Mark Primack: In His Own Words

By Mark Primack

I GREW UP in a two-family house, in a working class neighborhood of mostly three-family houses. Each floor was a separate apartment. It was in what was then called a "mixed neighborhood"--Irish and Italian with a few Jews and Swedes. Many houses were multigeneration; parents lived in the apartments above their children and grandchildren. People didn't move much.

In my neighborhood I had at least four "moms,"and some of them were a lot tougher on me than mine was. Mine never learned to drive. We kids didn't need to be driven to visit our friends, and school was only four blocks away. My mother could always send one of us up to the corner store for milk. We often played in the street in those days, especially during long summer evenings. It was the safest neighborhood I've ever lived in.

I studied design and architecture in the town I was born in, and paid my way by working union construction. I learned from both experiences what it was that made my old neighborhood so livable.

First and foremost was love. People loved the place they lived in, and identified with it. And they loved their neighbors, or more precisely, they cherished their differences. You weren't just Italian in my neighborhood. You were Sicilian, or Milanese, and people knew it. Beyond that love there were certain basic ingredients--jobs and schools close to home and a critical mass of people that could support shops and services, buses to take us downtown, and friends and relations within walking distance. That's what made my neighborhood warm and alive and easy to live in.
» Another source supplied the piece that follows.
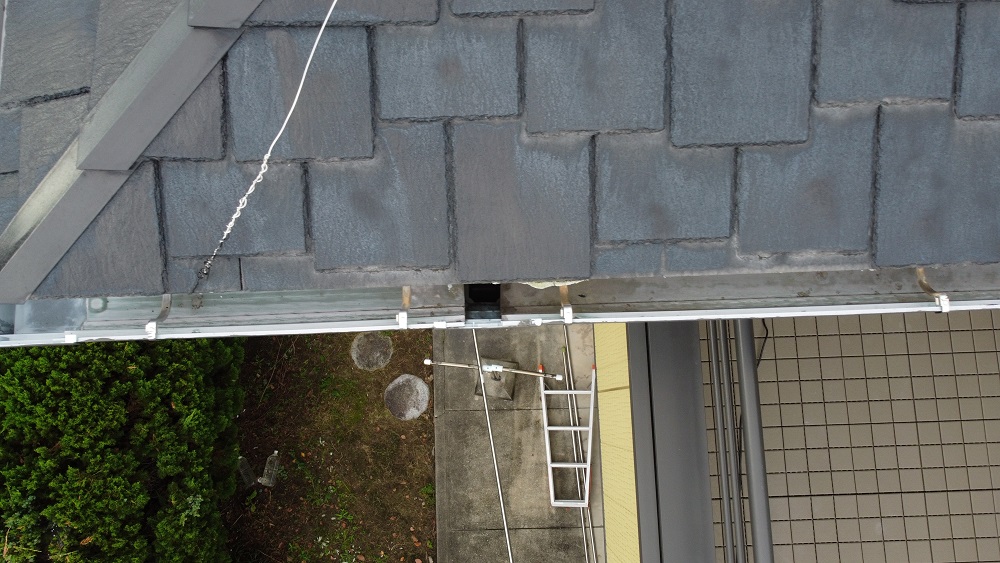 2階屋根材の先端に苔が付着してるので樋に溜まってるかを調査
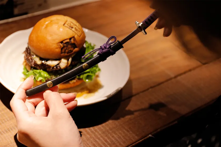 バーガーピックとして提供する、精巧に作られた織田信長モチーフの名刀ナイフはインパクト大です。

I fell in love with Santa Cruz the first time I saw it, 27 years ago. Standing on the UCSC campus, looking out over Pogonip and across the bay to Monterey, I knew this was the place I wanted to make my home. Neighborhoods in Santa Cruz were fairly stable then, with lots of retired people and surfers, and the working people who kept our schools and city going. In the late '70s, my share of a two-bedroom apartment close to downtown was $100, which at the time was a third of my income. There were many creative people here for whom art and idealism and natural beauty were high priorities. Together we made Santa Cruz a vibrant and exciting place. We had room to maneuver--inconspicuous nooks and crannies of countercultural housing that afforded us the time to pursue our varied avocations.

We haven't had stable housing in Santa Cruz for a while now. Very few of us feel secure in our neighborhoods. Owners are often just as nervous as renters, because they have so much to lose. Some of the reasons for this are regional and national. But what I learned in architecture school, and through decades of practice, is that many of these problems are local and well within our control.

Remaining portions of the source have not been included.